Nunatsiaq Online
NEWS: Iqaluit August 22, 2016 - 4:00 pm

Scientists piece together ancient archeological site in Nunavut

“We’ve got continuous occupation here for probably 3,500 years or more"

STEVE DUCHARME
Archaeologists believe occupation of the Crystal II site near the Sylvia Grinnell River outside of Iqaluit dates back to pre-Dorset culture. (PHOTO BY STEVE DUCHARME)
Archaeologists believe occupation of the Crystal II site near the Sylvia Grinnell River outside of Iqaluit dates back to pre-Dorset culture. (PHOTO BY STEVE DUCHARME)
Brenden Griebel and Laurie White dig through soil layers, and hundreds of years, at the Crystal II historical site Aug. 19. (PHOTO BY STEVE DUCHARME)
Brenden Griebel and Laurie White dig through soil layers, and hundreds of years, at the Crystal II historical site Aug. 19. (PHOTO BY STEVE DUCHARME)

Standing near the banks of the Sylvia Grinnell River just outside of Iqaluit, archaeologist Tim Rast says he’s still amazed by the four-millennia story of civilization told in the ancient homesteads and earth surrounding the “Crystal II” historic site.

“We’ve got continuous occupation here for probably 3,500 years or more. People have been coming back to this spot continuously,” he said from a hill overlooking the ruins of an ancient Thule homestead, Aug. 19.

“Every [culture] that ever lived in the Arctic came to this specific location. There’s something attractive about this spot.”

Crystal II was the first site where archaeologists could differentiate between the Thule, ancestors of the modern Inuit, and the earlier Dorset culture.

And further research discovered an earlier, pre-Dorset culture, lived there as well.

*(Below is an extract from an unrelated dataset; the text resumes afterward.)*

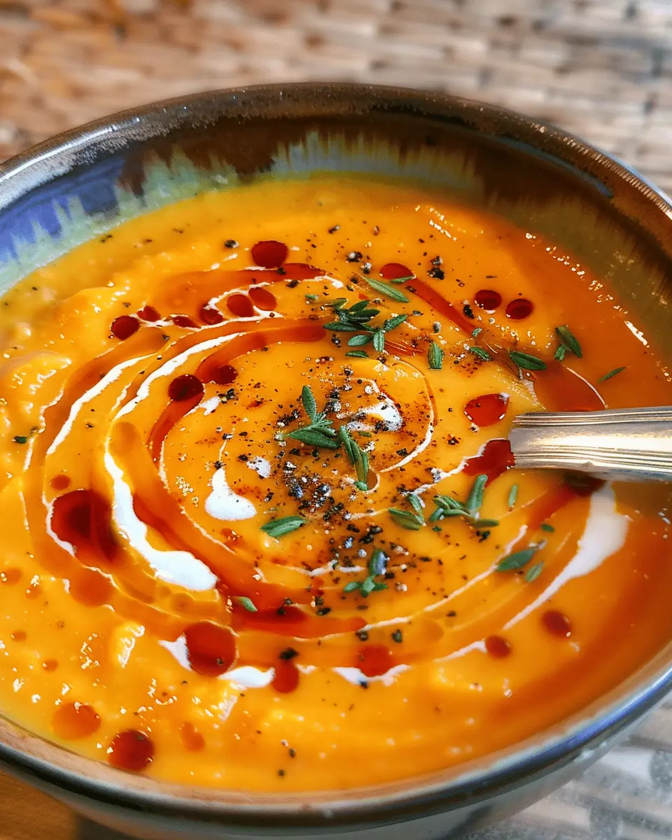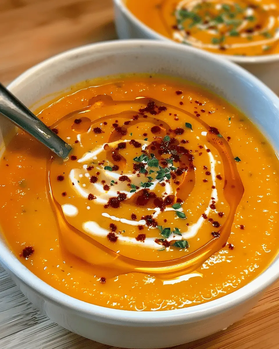Garnishing can elevate your soup from comforting to culinary masterpiece. Drizzle a splash of coconut cream or a swirl of olive oil over the top for a silky finish. Toss in roasted pumpkin seeds for an extra crunch, or sprinkle crumbled feta cheese for a touch of saltiness. For a fresh kick, add chopped chives or cilantro, which not only enhance the flavor but also make the dish visually appealing. Have fun with it! Your guests will appreciate the thoughtful presentation, making every bowl a reflection of your culinary creativity.

Rast, alongside fellow researchers Laurie White and Brendan Griebel, are wrapping up a 10-day survey for a proposed project by the Inuit Heritage Trust to reconstruct an ancient Thule homestead at the site.

The archaeologists dug test pits and collected samples that will determine how much time IHT needs to conserve and clear an area at the site for the new Thule dwelling.

Griebel said the proposed Thule house project will be an important cultural and educational tool for Inuit to learn about their past.

“It will let people visualize what’s going on in the past and interact with it and take part in rebuilding it every summer and fall,” he said.

The research team collected nearly 50 artifacts — bones, stone flakes, wood and tools — from one-square-metre test pits dug around four ancient Thule foundations discovered at the site.

“If this was a site that was chosen for the Thule house, what would it take to clear the area so that you could safely construct it without damaging the archaeology?” Rast said. That’s a question they are now asking themselves.

But the research team has a secondary goal this summer as well: piecing together decades of fractured archaeological work at the site that’s never been compiled in one place.

It’s the “archaeology of archaeology” Rast said.

“As archaeologists, there’s the history we’re interested in, but we’re also tracing the footsteps of really influential peoples and ideas that came out of this site.”

Work on the site first began in the early 1940’s when American soldiers stationed at the so-called “Crystal II” airbase dug up the first foundations.

But the soldiers didn’t follow any scientific method during those digs and displaced much of the site, as well as left it unearthed and exposed to the elements, Rast said.

Since that time, archaeologists have tried to piece together what was at the site before it was dug up.

Henry Collins, the first trained archaeologist to visit the site, arrived a few years after the first dig, but his surviving records are not detailed.

In the 1960s and 1970s, Moreau Maxwell completed the last extensive excavation at the site.

But there’s confusion over which Thule houses are identified between Collins and Maxwell. Nobody has tried to piece it all together, until now.

“Despite people working here for over 70 years, nobody’s ever drawn a map,” Rast said.

“[We have] unpublished reports, published reports, a few photographs and we’re trying to reconstruct what somebody 70 years ago called [the Thule houses].”

When the team presents IHT with their completed report, Rast says they will estimate two options for the heritage organization to move forward with the Thule house construction at Crystal II.

The first will estimate how much time it will take to build the house over an existing foundation after conserving the remaining historical artifacts.

The second option will propose an adjacent area for the Thule house near the historic site on land with fewer historical deposits.

If IHT decides neither option is viable, the Thule house will be relocated to the Apex trail, near the old cemetery in Iqaluit, on land that contains no historical deposits.

“[The Apex trail is] basically archaeologically clear. That would be an easy one to do. Here [at Crystal II], it would be more complex. It might take a summer or two to clear,” Rast said.

IHT board members are expected to discuss the options later this year, with a planned start date for the Thule house sometime in 2017.